Intestinal roundworms, general characteristics:
Intestinal roundworm parasites are also known as intestinal nematodes, soil-transmitted helminths, soil-transmitted nematodes, and geohelminths. For the effects of these parasites on children (e.g., growth and mentalstunting, which occur even when symptoms such as abdominal pain are lacking), click here. For the number of people infected by these parasites, click here
Giant roundworms (Ascaris lumbricoides). So named because they are the largest intestinal roundworm parasite of humans, reaching up to 40 cm (15 inches!) in length. Parasite eggs mature in the soil and remain infective for years. Upon ingestion, the parasite eggs hatch in the small intestine into small larvae and invade into the bloodstream, where they eventually enter the lungs and then the airspace in the lungs. They return through swallowing into the small intestine, where each giant roundworm can live for 1-2 years. An adult female parasite can produce tremendous amounts of parasitic eggs, up to 240,000/day, which then re-enter the soil via stool, completing the life cycle. The time from initial infection to egg production is 2-3 months. Apart from effects on children’s development and health, other symptoms include coughing and burning sensation during lung phase, mild diarrhea, abdominal pain, and, occasionally, blockage of the intestine or of the biliary tract. These complications can sometimes be quite serious, requiring surgery. The picture shown here is of a similar Ascaris species that lives in pigs and that is use for research, Ascaris suum.

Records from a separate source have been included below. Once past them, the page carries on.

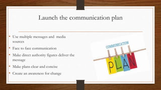 The communication plan outlines steps to launch, evaluate the effectiveness, generate feedback, and address negative responses to organizational changes. It recommends using multiple media sources and face-to-face communication delivered by authority figures to launch the plan. Effectiveness will be analyzed through financial results, customer equity, employee performance, and integration of changes. Surveys and continued awareness efforts will provide continuous feedback, while celebrating progress and addressing misconceptions. Negative responses will be handled through education, analysis, participation, and negotiation.
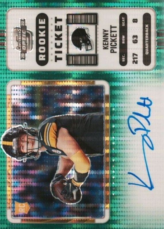 Auctions Ending Soon for Kenny Pickett 2022 Contenders Optic #127 Rookie Ticket Auto Variation - Green Pulsar /15 RAW
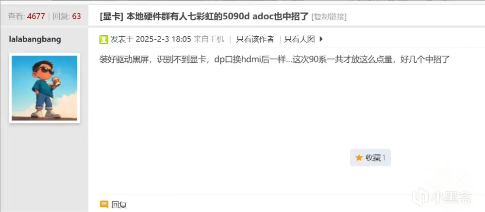 另外,七彩虹的5090D adoc也中招了。玩家安装了最新的显卡驱动程序,电脑开机时屏幕直接黑屏,识别不到显卡。不管接DP还是HDMI接口都一样。
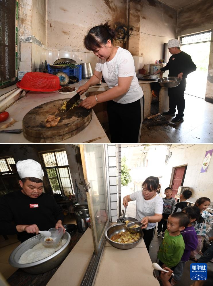 新拼版照片:在广西德保县东凌镇那王小学,黄秀碧老师(左)和黄永勇老师在给学生做午饭(上图);黄秀碧老师(右)和黄永勇老师在给学生分午饭(下图)(2023年3月22日摄)。那王小学只有黄秀碧和黄永勇这两名夫妻教师,他们分别在这里工作了31年和20年。他们每天除了给学生上课,为学生做午饭,晚上还要照顾住校生。
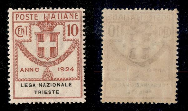 1924 - 10 cent Lega Naz. Trieste (43) - gomma integra - dentellatura carente a destra (300)

Hookworms (Necator americanus, Ancylostoma duodenale, and less common species such as Ancylostoma ceylanicum). These parasites live in the small intestine, wherein they bury their heads through the intestine into the bloodstream and ingest blood. The amount of blood they ingest can lead to anemia and hence are considered the worst of the intestinal roundworms. Adult hookworms are 1 cm (~0.5 inch) long. The larvae (baby worms) live in the soil waiting to come in contact with human skin. They penetrate the skin, migrate through the blood system and enter the lungs. From there, the larvae penetrate into the airway and induce a coughing reflex, which results in their being swallowed into the small intestine. In the small intestine the hookworms mature in adults. A female hookworm can produce tens of thousands of eggs per day, which exit the body via the stool. Once in the soil, the eggs hatch and develop into infectious larvae. Ancylostoma hookworms can alter enter the intestine via direct ingestion of larvae. Overt symptoms include itching at the site of penetration, abdominal pain, diarrhea, weakness, and shortness of breath. Adult hookworms can live in the human intestine from 1 to 10 years. The time from skin penetration to production of eggs is ~6-8 weeks or longer. Putting shoes on children does not seem to protect them from hookworm infections, perhaps because more than a child’s feet can come in contact with contaminated soil (reference 1). The picture shown here is of the hookworm species Ancylostoma ceylanicum, which can infect humans and is one of the main parasites we work with at Wormfree World Institute.
Whipworms (Trichuris trichiura). Adult parasites reside in the large intestine (colon, cecum) with their anterior heads buried into the intestinal lining, each adult releasing thousands of eggs per day. Infection begins by ingestion of whipworm eggs, which hatch as larvae in the small intestine that then mature and migrate into the large intestine. The complete life cycle (ingestion of eggs to maturation into adults that produce eggs in the colon and release them in stool) is ~3 months. Adult whipworms are 3-5 cm long (~1-2 inches) and can live for years in the human body. Overt symptoms can include abdominal pain, anorexia, and bloody diarrhea. A severe complication associated with heavy whipworm infections is rectal prolapse, in which the walls of the rectum protrude out the anus. Whipworm infections are particularly difficult to treat. The picture shown here is Trichuris muris, mouse whipworm, a close relative of human whipworm and a parasite researched at Wormfree World Institute.
Threadworms (Stongyloides stercoralis). A different and important intestinal roundworm parasite that is able to autoinfect and is potentially deadly to humans. This parasite is not currently the target of Mass Drug Administration.
Hotez, Ann. N.Y. Acad. Sci., 2008, 1136:38-44.Humphries et al., Am. J. Trop. Med. Hyg., 2011, 84:792-800.